Die jüngste Verordnung des Obersten Kassationsgerichtshofs (Nr. 6802 vom 7. März 2023) bietet bedeutende Denkanstöße zum Thema der elterlichen Sorge und der religiösen Erziehung von Minderjährigen. Das Urteil befasst sich mit einem beispielhaften Fall bezüglich der Entscheidung, ein minderjähriges Mädchen im öffentlichen Schulunterricht für Religion anzumelden, und hebt die Sensibilität erzieherischer Entscheidungen in komplexen familiären Kontexten hervor.

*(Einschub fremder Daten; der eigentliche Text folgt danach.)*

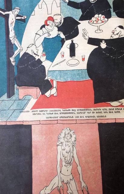 Ցավալիորեն նույն պատկերը տեսնում ենք մոտ 100 տարի անց, հիմա, մեր օրերում, սակայն այս դեպքում հակակրոնական և հակաեկեղեցական քարոզն իրականացնում է «հայը»:

Durch die Untersuchung des Falls ist es möglich, nicht nur die rechtlichen Positionen der Eltern zu verstehen, sondern auch die Rolle des Richters bei der Gewährleistung des Kindeswohls.

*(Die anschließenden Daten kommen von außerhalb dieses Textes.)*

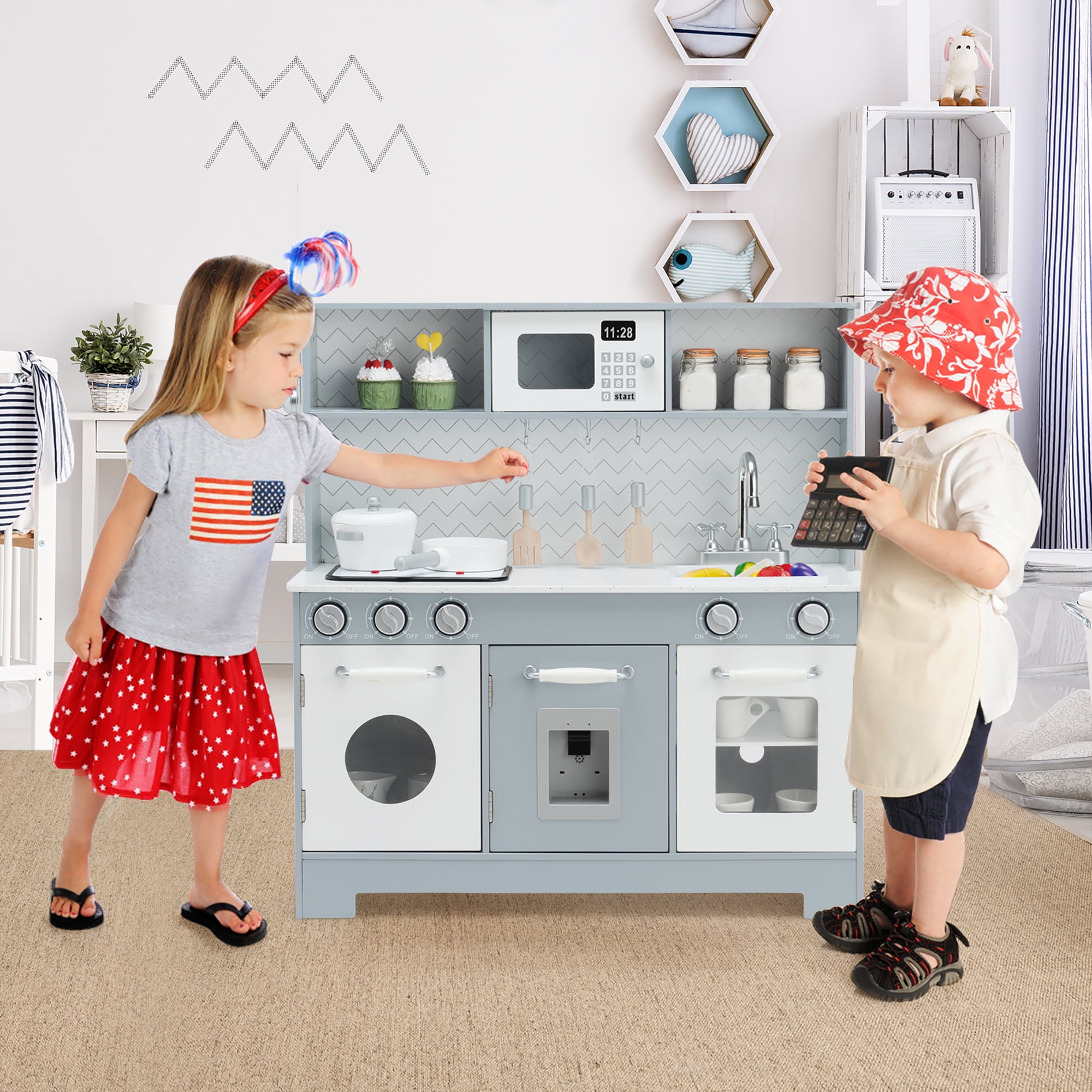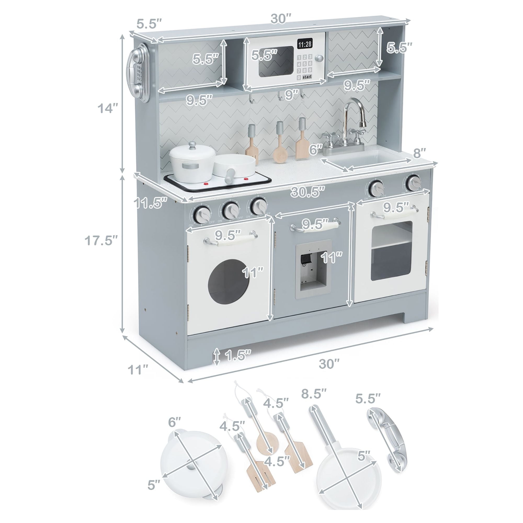 Have you been looking for an ideal gift to surprise your kids? If so, then this pretend play cooking set is the way to go! This play kitchen features a sink, a cordless phone, a simulated microwave, a stove with realistic light and sound, an oven and a water dispenser built-in light and sound. With realistic details and finishes, this kids kitchen playset encourages role play and lights up your little one’s imagination and creativity, helping to develop their hands-on ability, language expression and social skills. The durable MDF board construction is kid-safe and easy to wipe clean with a damp cloth for everyday messes. What are you waiting for? Have it and enjoy the cooking fun with your kids. Feature Realistic and stylish design draws kids’ attention in first sight Premium MDF board and PP plastic ensure stability and durability Help kids build good habits and enhance their social skills The oven and water dispenser are built-in realistic light and sound for fun Cheerful gift for both little girl and boys to brighten their daily life Removable sink and snap-on doors for easy cleanup Assembly Video: Specification Color: White and gray Material: MDF, PP Net Weight:28lbs Overall Dimension: 30”x 11”x 31.5” Suitable Age: Over 3 Years Old Package includes: 1 x Play Kitchen 1 x Pot 1 x Pan 3 x utensils 1 x Instruction

Im vorliegenden Fall hatte das Berufungsgericht Venedig entschieden, dass die Entscheidung über die Anmeldung zum Religionsunterricht der Mutter obliege, insbesondere unter Berücksichtigung des familiären Kontexts und der bereits der älteren Schwester erteilten Erziehung. Der Vater, A.A., legte jedoch Berufung ein und behauptete eine Verletzung der religiösen Rechte und der Erziehungsfreiheit. Der Oberste Kassationsgerichtshof musste daher prüfen, ob die Entscheidung des Berufungsgerichts mit den Grundsätzen des Familienrechts, insbesondere mit denen des Bürgerlichen Gesetzbuches und internationalen Übereinkommen, im Einklang stand.

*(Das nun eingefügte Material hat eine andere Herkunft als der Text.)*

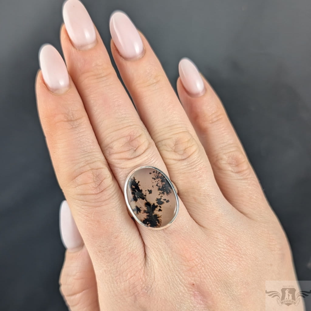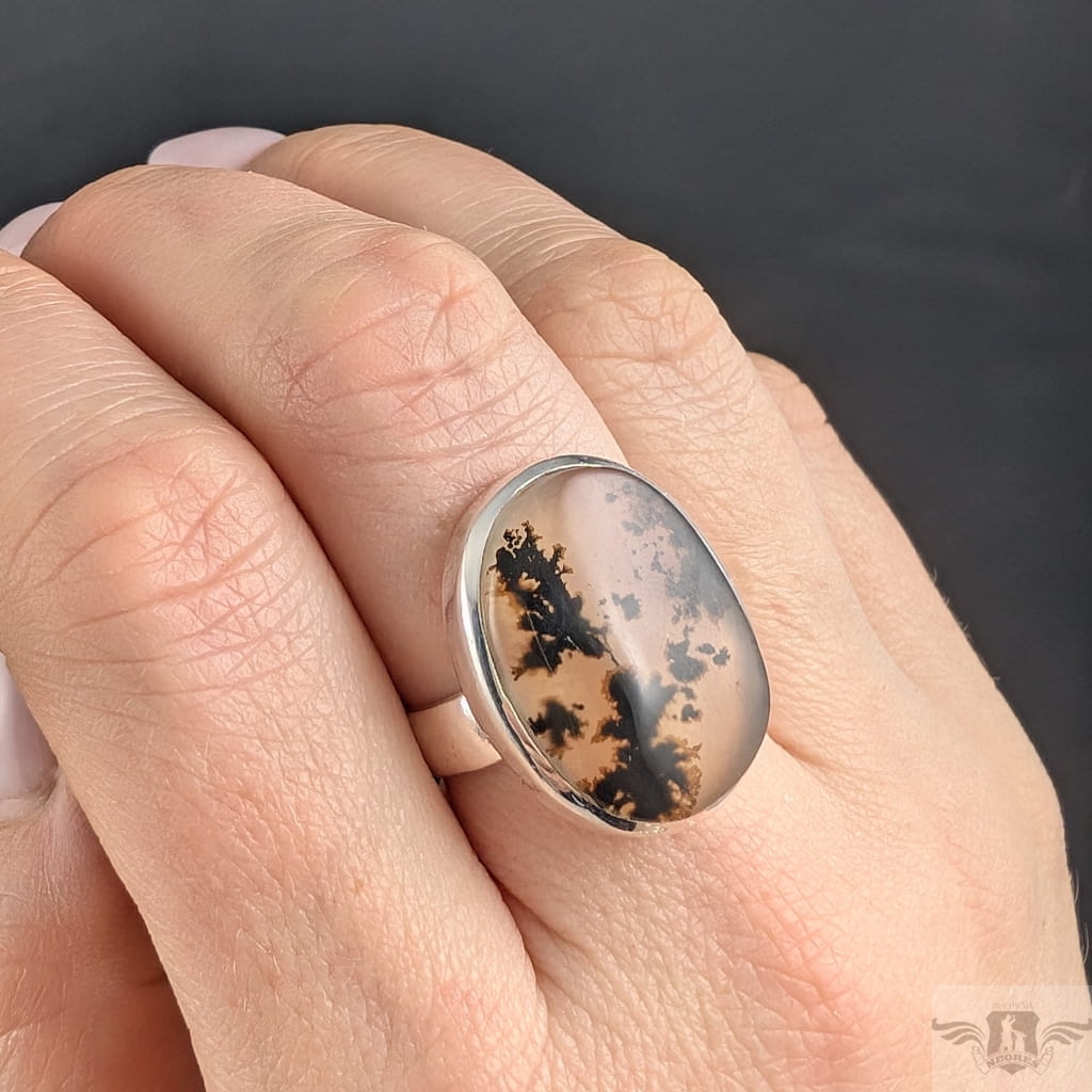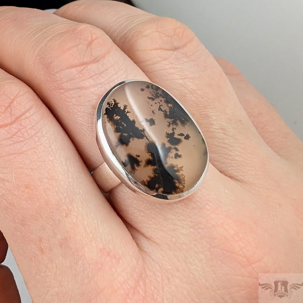Pierścień z agatem montana oprawionym w srebro próby 925. Wymiary 23 x 17 mm, waga 8 g. Wewnątrz kamienia piękne, naturalne malunki dendrytowe. Rozmiar jubilerski regulowany w zakresie 15-19, proszę napisać, na jaki dopasować. Pierścień zostanie zapakowany w ozdobne pudełeczko. Polecam w komplecie z wisiorem. Wykonany przez dostawcę kamieni.

Der Richter muss Maßnahmen ausschließlich im Interesse des Minderjährigen ergreifen und vermeiden, an die Stelle der Eltern bei erzieherischen Entscheidungen zu treten.
Gemäß Artikel 316 des Bürgerlichen Gesetzbuches müssen die Eltern die elterliche Sorge im gegenseitigen Einvernehmen ausüben. Bei Uneinigkeit über besonders wichtige Angelegenheiten muss der Richter eingreifen. Der Oberste Kassationsgerichtshof betonte, dass Entscheidungen in Religionsfragen nicht überprüfbar seien, dies schließe jedoch nicht aus, dass der Richter im Konfliktfall die potenziellen Auswirkungen der Entscheidungen auf Minderjährige bewerten müsse. Die Grundsätze des Völkerrechts, wie die New Yorker Konvention über die Rechte des Kindes, bekräftigen die Bedeutung der Achtung religiöser Überzeugungen und der Erziehungsfreiheit, jedoch stets unter Wahrung des Kindeswohls.
Das Urteil bekräftigt, dass im Falle eines Konflikts zwischen den Eltern die Entscheidung vom Grundsatz des Kindeswohls geleitet werden muss. In diesem Fall gab der Oberste Kassationsgerichtshof der Berufung des Vaters statt und vertrat die Ansicht, dass die Frage der religiösen Erziehung nicht ohne eine angemessene Bewertung der Bedürfnisse und Neigungen des minderjährigen Mädchens gelöst werden könne. Darüber hinaus wurde die Bedeutung der Anhörung des minderjährigen Mädchens selbst hervorgehoben, auch wenn es noch sehr jung sei, um seine erzieherischen und spirituellen Bedürfnisse zu verstehen.
Das Urteil des Obersten Kassationsgerichtshofs stellt eine wichtige Richtlinie für die Beilegung familiärer Streitigkeiten im Zusammenhang mit der religiösen Erziehung von Minderjährigen dar. Es unterstreicht die grundlegende Rolle des Richters bei der Gewährleistung, dass Entscheidungen stets auf das Wohl des Minderjährigen ausgerichtet sind und die spezifischen Umstände jedes Falles bewertet werden. In einem zunehmend komplexen sozialen Umfeld ist es unerlässlich, dass die Grundsätze der Religionsfreiheit und der elterlichen Sorge sorgfältig abgewogen werden, um ein gesundes und unbeschwertes Aufwachsen der betroffenen Minderjährigen zu gewährleisten.